Celebrate-the-4th-vintage-Uncle-SSo today, the 237th birthday of our nation, here are some tax facts, courtesy the Tax Foundation, to consider.

The top marginal income tax rate in 1913, the first year the modern income tax was levied, was 7 percent.

The annual income that fell into the top tax bracket 100 years ago was, in inflation adjusted 2012 dollars, more than $11 million; to be precise: $11,595,657.

Today's top tax rate, thanks to the American Taxpayer Relief Act (aka the fiscal cliff tax bill) signed into law in early January is 39.6 percent. That will be paid by individuals making $400,000 or more.

But before you start to complain about the increase from a 7 percent top ordinary income tax rate in 1913 to almost 40 percent in 2013, note that our parents and grandparents had to deal in 1944-1945 with the highest-ever marginal tax income rate, 94 percent.

Remember, this was during World War II and back then there was more acceptance of everyone pitching in to help the war effort.

That attitude has been echoed recently in calls for everyone to pay their fair share in taxes. But nowadays there is much debate as to what constitutes fair.

Tax rate inequity: Is fairness measured by individual tax rates and the real effective rates that we all pay?

If so, many argue that it's incredibly unfair that wealthy Americans tend to pay a smaller effective tax rate because of the type of income they receive.

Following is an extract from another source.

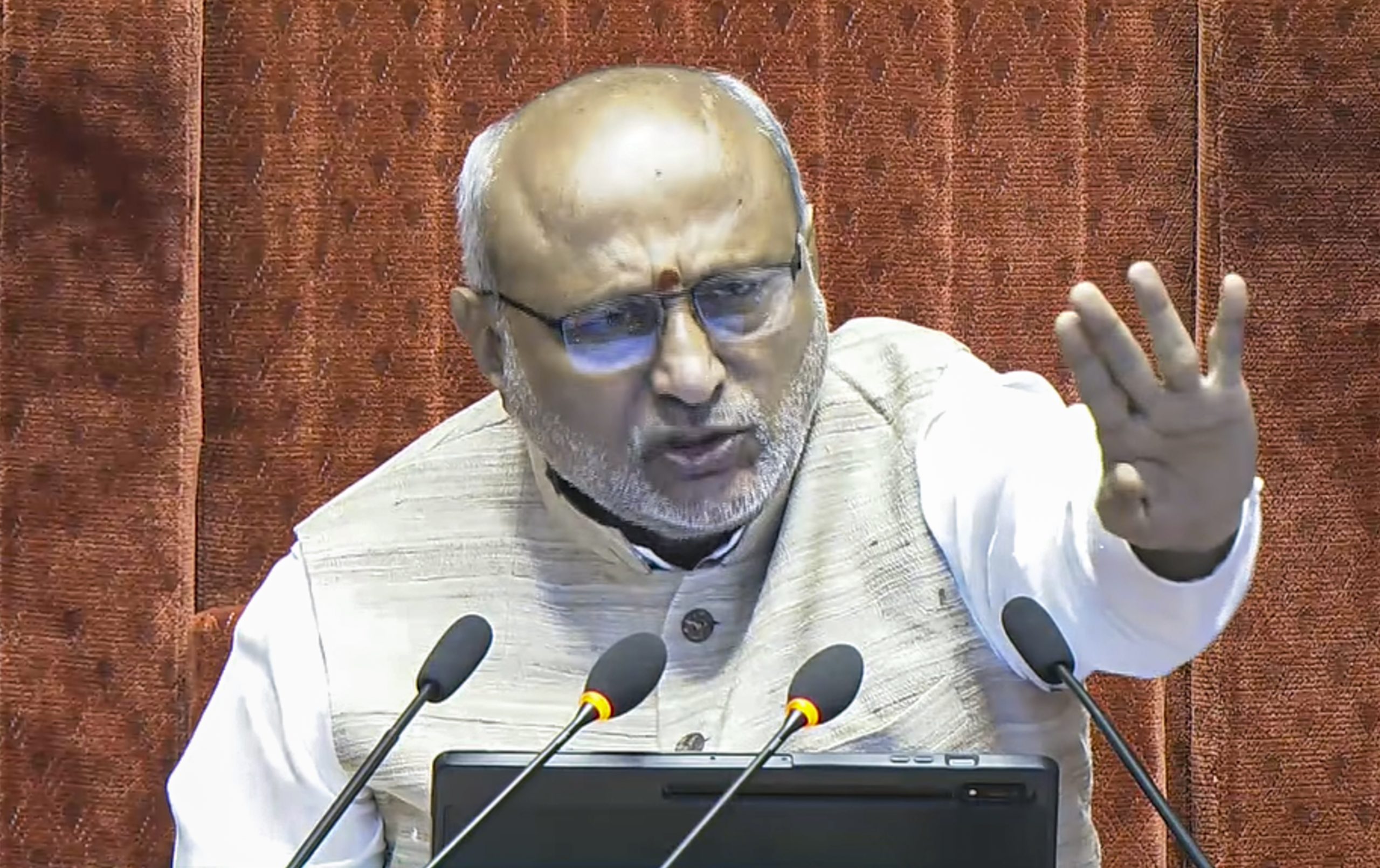 **EDS: THIRD PARTY IMAGE; SCREENGRAB VIA SANSAD TV** New Delhi: Rajya Sabha Chairman CP Radhakrishnan conducts proceedings in the House during the second part of the Budget session of Parliament, in New Delhi, Thursday, April 2, 2026. (Sansad TV via PTI Photo)(PTI04_02_2026_000112B)

That situation got much attention during the 2012 presidential campaign thanks to Warren Buffett's admission that his tax rate was lower than his secretary's and Republican presidential candidate Mitt Romney's two years of tax returns showing that he paid an effective tax rate of around 14-to-15 percent.

But others say tax fairness should take into account how much various taxpayer segments contribute to the U.S. Treasury.

The Tax Foundation notes that in 1980, the top 1 percent of taxpayers accounted for just more than 19 percent of all federal income taxes paid. Thirty years later, that tiny group of wealthy taxpayers paid more than 37 percent of the overall taxes collected.

At the other end of the earning scale, says the nonprofit Washington, D.C., tax group, the percentage of federal income taxes paid by the bottom 50 percent of all taxpayers in 1980 was 7.05 percent. In 2009, that percentage had dropped to 2.36 percent.

Remember, however, there are many other taxes paid in addition to income taxes.

And while the poor don't contribute as much dollar-for-dollar to Uncle Sam's bottom line as do the wealthy, folks who don't make very much money are disproportionately affected by
sales and property taxes because those levies aren't tied progressively — that is, rates increase as income grows — to income levels.

Celebrate now, taxes later: What's that? Right now you'd much rather have another plate of barbecue and a frosty beer than debate tax policy.

Sorry. The tax geekiness took over a bit.

I totally get you. You're right. This is July 4, a holiday, America's holiday. We can resume the tax fairness debate next week.

Today, just enjoy your part in our national Independence Day celebration.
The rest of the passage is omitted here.